Lynell G. Skarda, Clovis, Fred M. Standley, Santa Fe, for appellants.

T.E. Mears, Sr., Portales, James T. Jennings, Hervey, Dow & Hinkle, W.E. Bondurant, Jr., Roswell, for appellees.

McGHEE, Justice.

The plaintiffs-appellants are collateral heirs of Dollie B. Brown, a widow who *790 was killed by her only child, James B. Brown, Jr., and who at the time of her death was the owner of an undivided five-eighths interest in the real property involved in this action, the son having inherited the remaining interest from his father who died on August 20, 1940. The defendants-appellees, other than Brown, claim various mineral interests in the realty arising from conveyances by James B. Brown, Jr., and his successors in interest between the year 1947 and the filing of this action in 1951.

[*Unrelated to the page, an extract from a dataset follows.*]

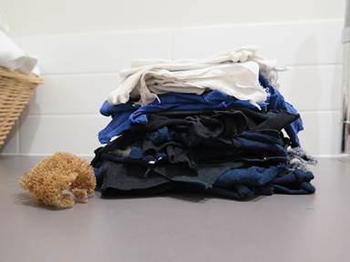 General cleaning is done with old cotton t-shirts. We wash dishes with an second hand cotton shirt cut up and sea sponges collected from the beach. We still have our old brooms and vacuum cleaner. There is no bleach. No harsh chemicals. Attitude to cleaning = relaxed.

Judgment was rendered for the defendants below and as grounds for reversal the plaintiffs here urge:

1. An only son who murders his widowed mother may not inherit her estate, notwithstanding the fact our laws of descent do not by their terms prohibit it, and they are her lawful heirs.

2. If he must be held to be her heir because of the wording of our statute on descent, then a court of equity should decree him to be a constructive trustee, holding the legal title for their benefit.

The crime was committed by the defendant, James B. Brown, Jr., on June 5, 1942. On August 1, 1942, he entered a plea of guilty to murder in the second degree and received a sentence therefor of not less than forty years nor more than fifty-five years in the penitentiary. His mother died intestate, her estate was regularly probated in the Probate Court of Roosevelt County, New Mexico, and on May 22, 1943, a final decree was there entered adjudging James B. Brown, Jr., to be the son and the sole heir at law of Dollie R. Brown and the owner of all her real and personal property.

The position that one who feloniously kills his ancestor is not precluded, absent a prohibitory statute, from inheriting the estate of his victim is adopted in the following cases, as compiled in Annotation entitled "Felonious killing of ancestor as affecting intestate succession", appearing in 39 A.L.R.2d 477:

Georgia. Hagan v. Cone, 1917, 21 Ga. App. 416, 94 S.E. 602; Illinois. Wall v. Pfanschmidt, 1914, 265 Ill. 180, 106 N.E. 785, L.R.A. 1915C, 328, Ann.Cas. 1916A, 674; Kansas. McAllister v. Fair, 1906, 72 Kan. 533, 84 P. 112, 3 L.R.A.,N.S., 726, 115 Am.St.Rep. 233, 7 Ann. Cas. 973; Kentucky. Eversole v. Eversole, 1916, 169 Ky. 793, 185 S.W. 487, L.R.A. 1916E, 593; Minnesota. Gollnik v. Mengel, 1910, 112 Minn. 349, 128 N.W. 292; Nebraska. Shellenberger v. Ransom, 1894, 41 Neb. 631, 59 N.W. 935, 25 L.R.A. 564; Nevada. Wilson v. Randolph, 1927, 50 Nev. 371, 261 P. 654; Ohio. Deem v. Millikin, 1892, 6 Ohio Cir.Ct.R. 357, 3 Ohio Cir.Dec. 491, affirmed without opinion, Deem v. Milliken, 53 Ohio St. 668, 44 N.E. 1134; Oklahoma. Holloway v. McCormick, 1913, 41 Okl. 1, 136 P. 1111, 50 L.R.A.,N.S., 536; Pennsylvania. In re Carpenter's Estate, 1895, 170 Pa. 203, 32 A. 637, 29 L.R.A. 145, 50 Am.St.Rep. 765; In re Johnson's Estate, 1905, 29 Pa.Super. 255; Texas. Hill v. Noland, 1912, Tex.Civ. App. 149 S.W. 288; Washington. In re Duncan's Estates, 1952, 40 Wash. 2d 850, 246 P.2d 445, 39 A.L.R.2d 473.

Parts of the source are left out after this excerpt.